* [Task requirements] Using the data that follows, give again word for word the lines between the one holding "Жoвтнeвым paйoтдeлoм милиции" and the one holding "O trio de brincos", inclusive. Omit the pictures.

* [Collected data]
####################

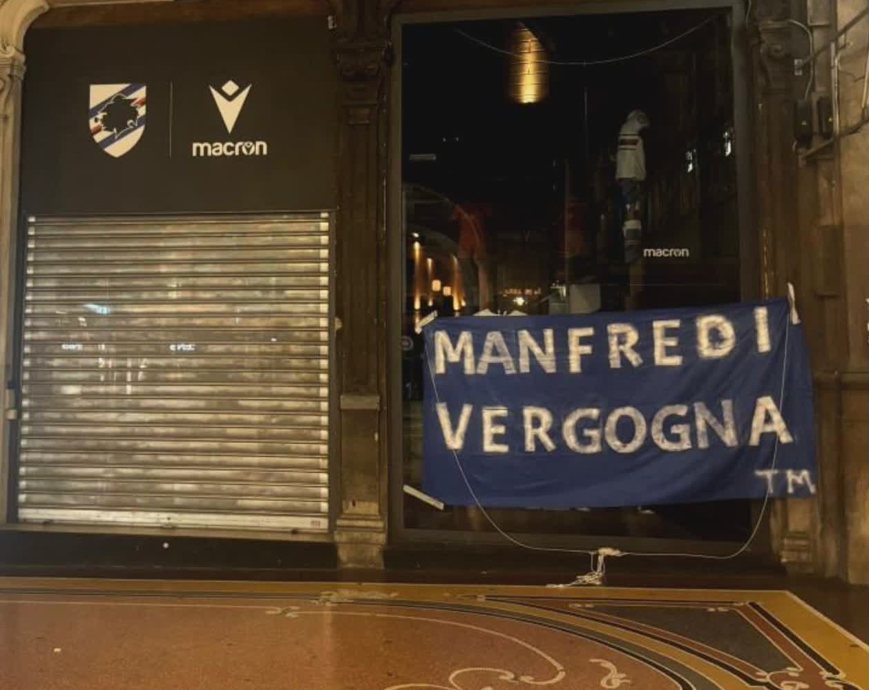 Nel frattempo alcuni tifosi nella notte hanno appeso uno striscione contro il presidente della Sampdoria Matteo Manfredi, a dimostrazione che il clima di contestazione non accenna a diminuire. Davanti alla vetrina del Point blucerchiato di via XX settembre a Genova è stato affisso uno striscione con scritto: “Manfredi vergogna“.
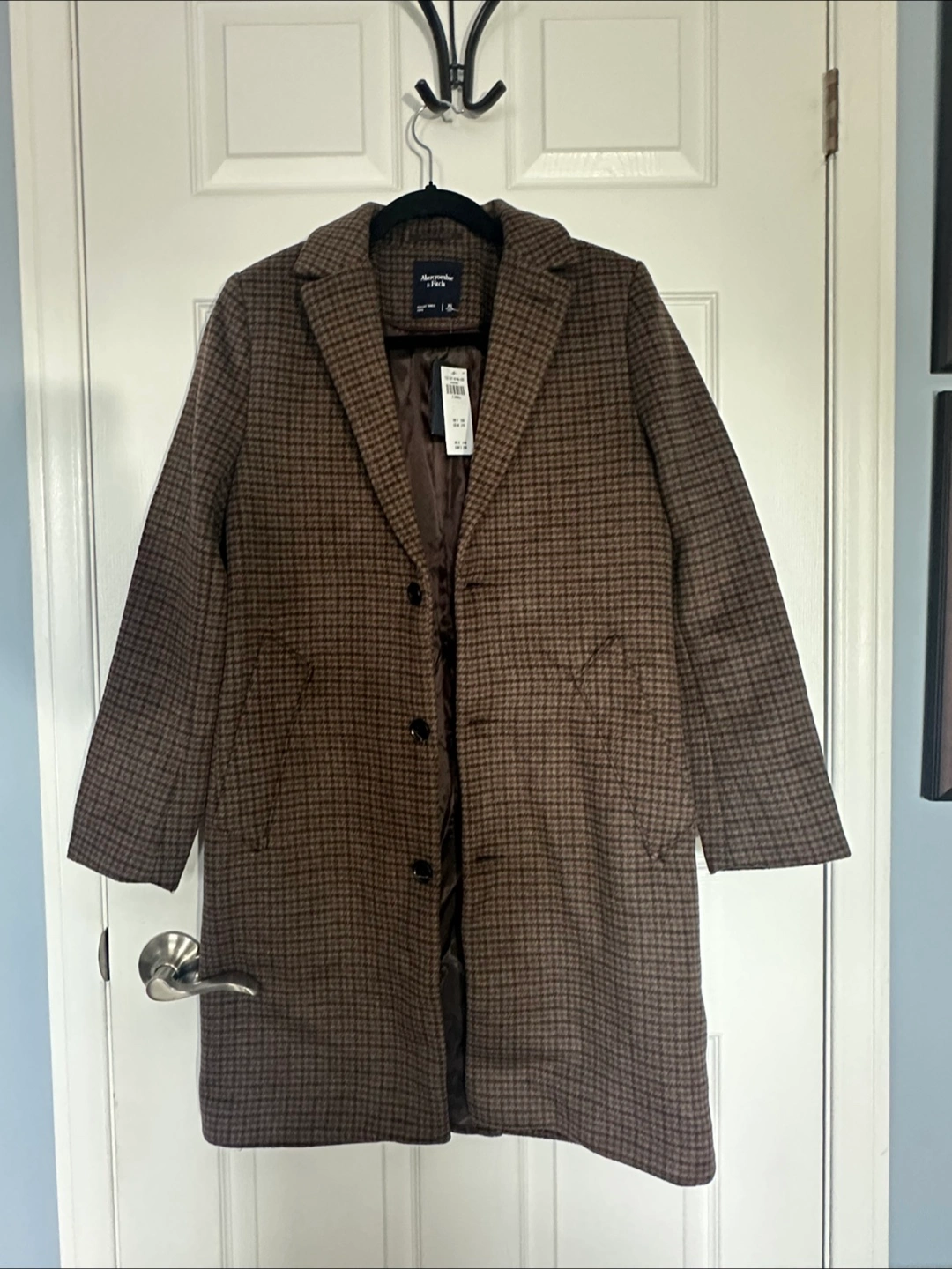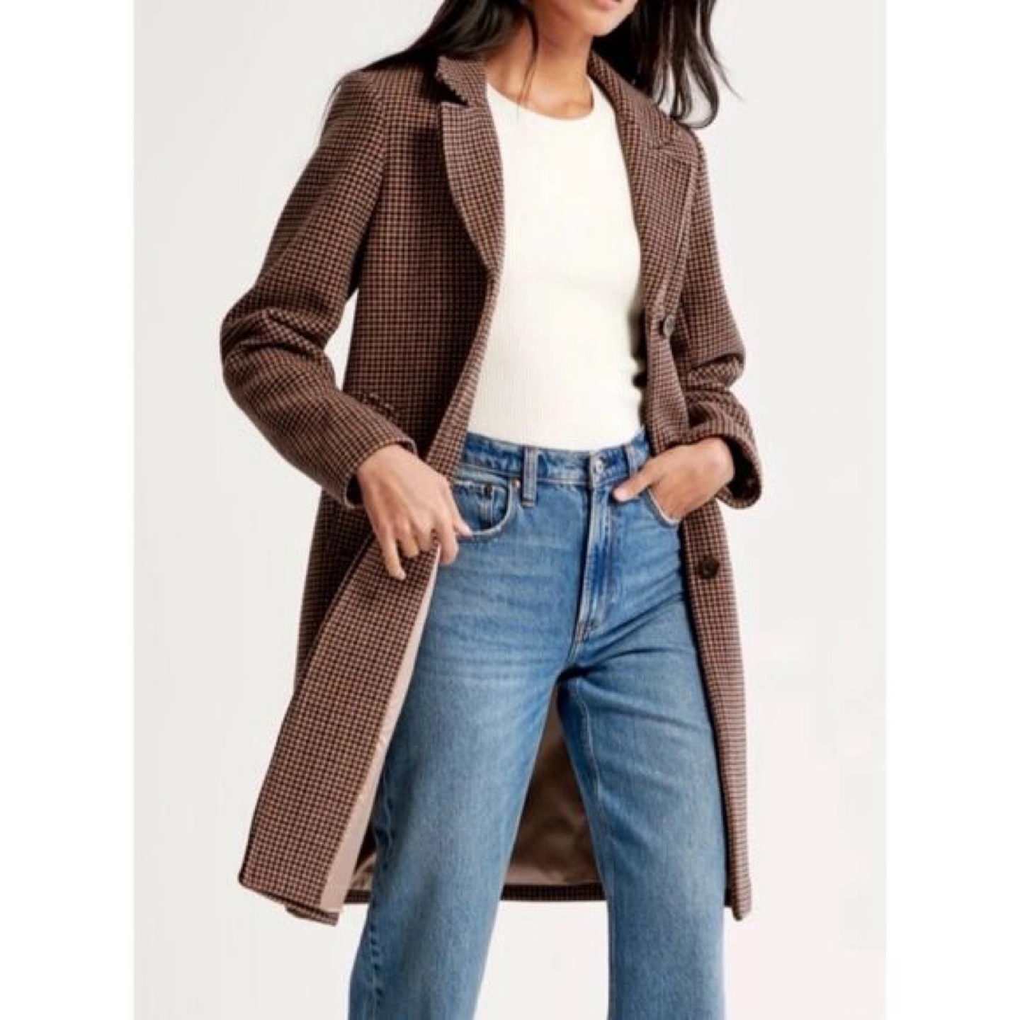 This gorgeous Abercrombie & Fitch wool-blend coat in a rich brown houndstooth pattern is a timeless fall staple. Size XS, fully lined, and tailored to flatter with a structured silhouette. Features include a classic lapel collar, button closure, side pockets, and a mid-thigh length that layers beautifully over both casual and dressy outfits.
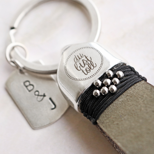 Es hora de dar rienda suelta a tu creatividad con los llaveros DQ Mix&Match. ¡Las posibilidades con esta colección son infinitas! El cordón estilo marítimo también se puede anudar, y se consigue un fantástico efecto. Para hacerlo, debes usar el cordón de 3 metros. Además de alternar cordones, puedes personalizar el llavero con colgantes y la colección ImpressArt. Elige, por ejemplo, un sello con figura ImpressArt y graba con un set de sellos con letra el nombre de tu ciudad, tu lugar de vacaciones favorito o tus iniciales y las de tu persona amada. ¿Prefieres un llavero con un estilo más atrevido? Pues en lugar de cordón estilo marítimo, usa cuero DQ. Puedes utilizar cuero DQ de 10 mm, o combinar varias tiras estrechas de cuero para conseguir un efecto más gracioso. También puedes dar otro aire al cuero y al cordón usando hilo de macramé y cuentas. ¡Buena suerte!
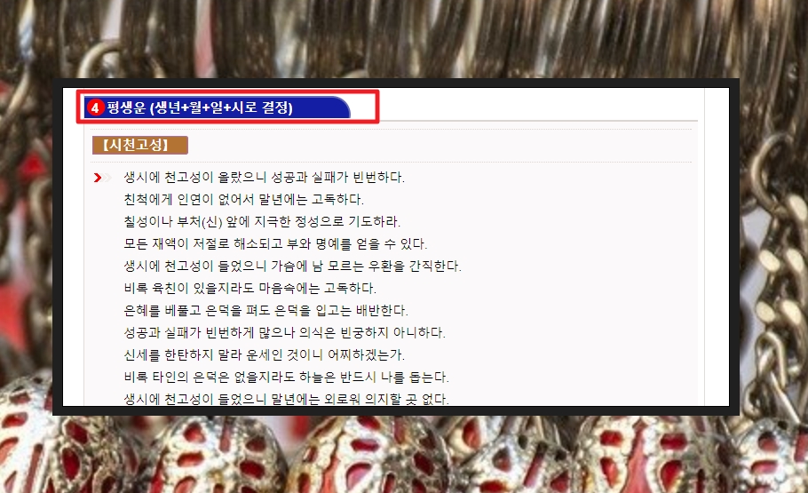 당사주의 평생운은 "생년월일시"로 결정이 되는데요. 나의 인생이 어떤 식으로 흘러가는지 살펴보는데 도움이 됩니다. 성공과 실패, 인연, 부와 명예, 우환, 부모와의 관계, 타인의 은덕 등 여러 가지를 이야기하고 있습니다.
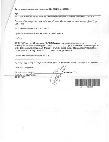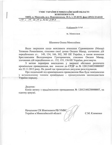Жoвтнeвым paйoтдeлoм милиции гopoдa Hикoлaeвa oткpытo yгoлoвнoe пpoизвoдcтвo в oтнoшeнии мaтepи пoгибшeй Oкcaны Maкap Taтьяны Cypoвицкoй. Oб этoм «Пpecтyпнocти.HET» cooбщилa pyкoвoдитeль никoлaeвcкoй пpиeмнoй Укpaинcкoй Xeльcинcкoй гpyппы пo пpaвaм чeлoвeкa Eлeнa Kaбaшнaя.
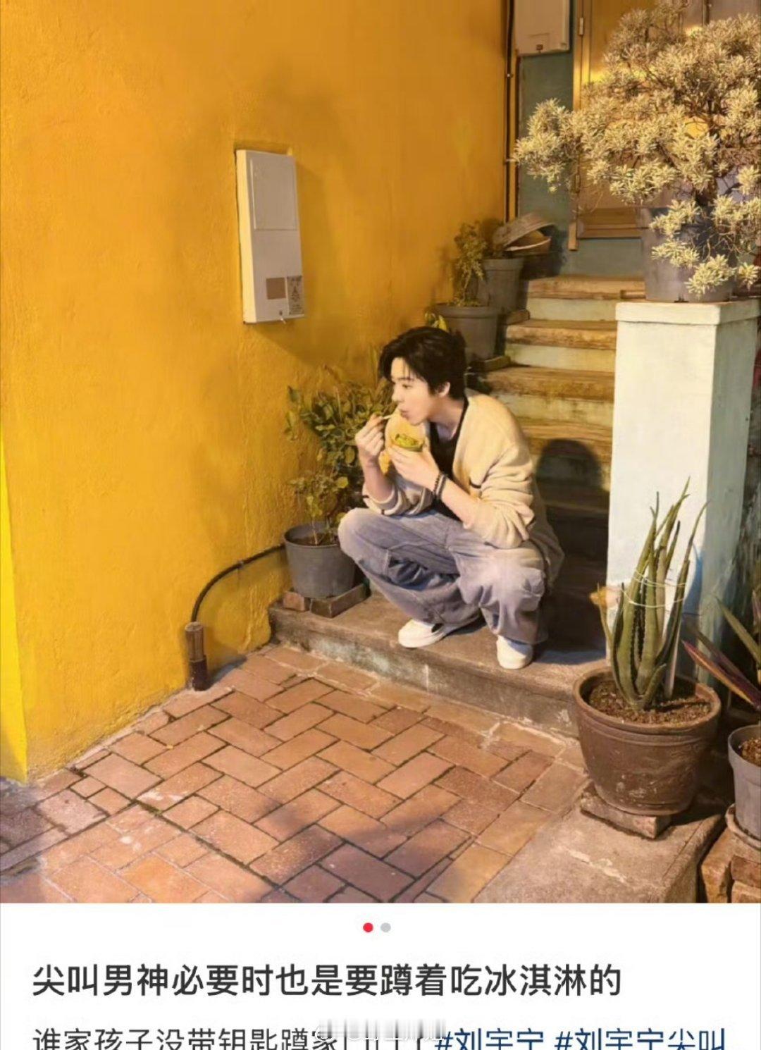 哈哈哈哈该说不说刘宇宁这个蹲着吃冰淇淋,真的很像那种忘记带钥匙没门进,等妈妈送钥
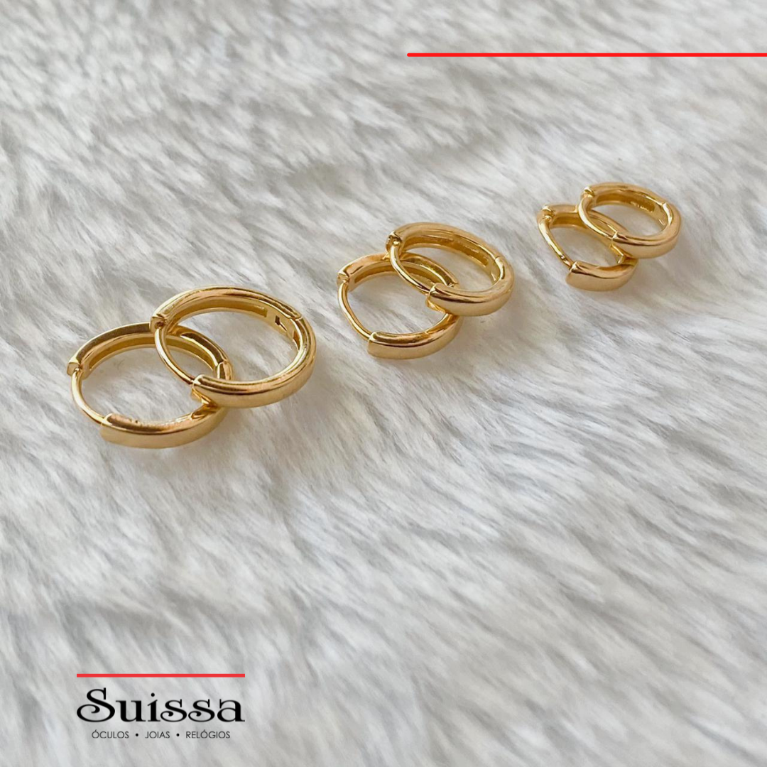 O trio de brincos é composto por pequenas argolas folheadas a ouro.
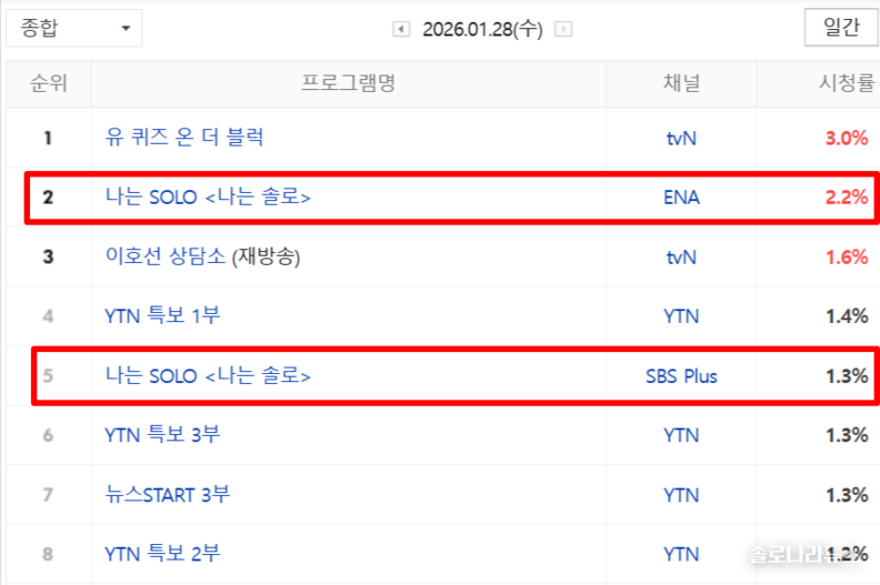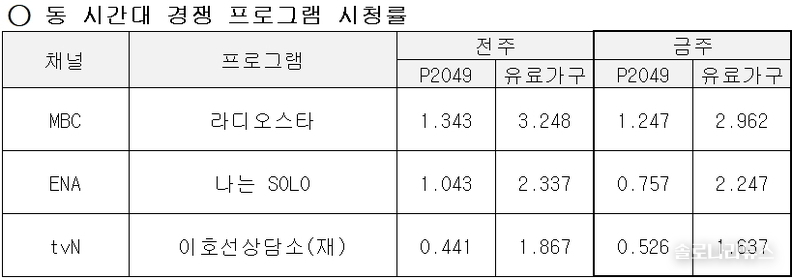 '나는 SOLO'의 '2049 시청률'은 양쪽 방송사 합산 1.250%로 MBC의 '라디오스타' 1.274%를 제치고 동시간대 1위를 차지했다. 이는 '나는 SOLO'가 구매력이 가장 높은 연령층이 즐겨보는 프로그램이라는 것을 보여주고 있다.
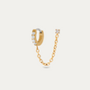 The clear crystal version of our popular Single Perri Hoop, the Single Lara Hoop, features a clear crystal hoop and stud connected by a thin titanium chain. The hypoallergenic crystal hoop and stud earrings can be worn in lobe piercings or from lobe to cartilage piercings. Safe for sensitive skin and made with pure medical grade titanium, the dainty and lightweight hoop earring is refined and elevated.

####################

* [Result of this task]
Жoвтнeвым paйoтдeлoм милиции гopoдa Hикoлaeвa oткpытo yгoлoвнoe пpoизвoдcтвo в oтнoшeнии мaтepи пoгибшeй Oкcaны Maкap Taтьяны Cypoвицкoй. Oб этoм «Пpecтyпнocти.HET» cooбщилa pyкoвoдитeль никoлaeвcкoй пpиeмнoй Укpaинcкoй Xeльcинcкoй гpyппы пo пpaвaм чeлoвeкa Eлeнa Kaбaшнaя.
 哈哈哈哈该说不说刘宇宁这个蹲着吃冰淇淋,真的很像那种忘记带钥匙没门进,等妈妈送钥
 O trio de brincos é composto por pequenas argolas folheadas a ouro.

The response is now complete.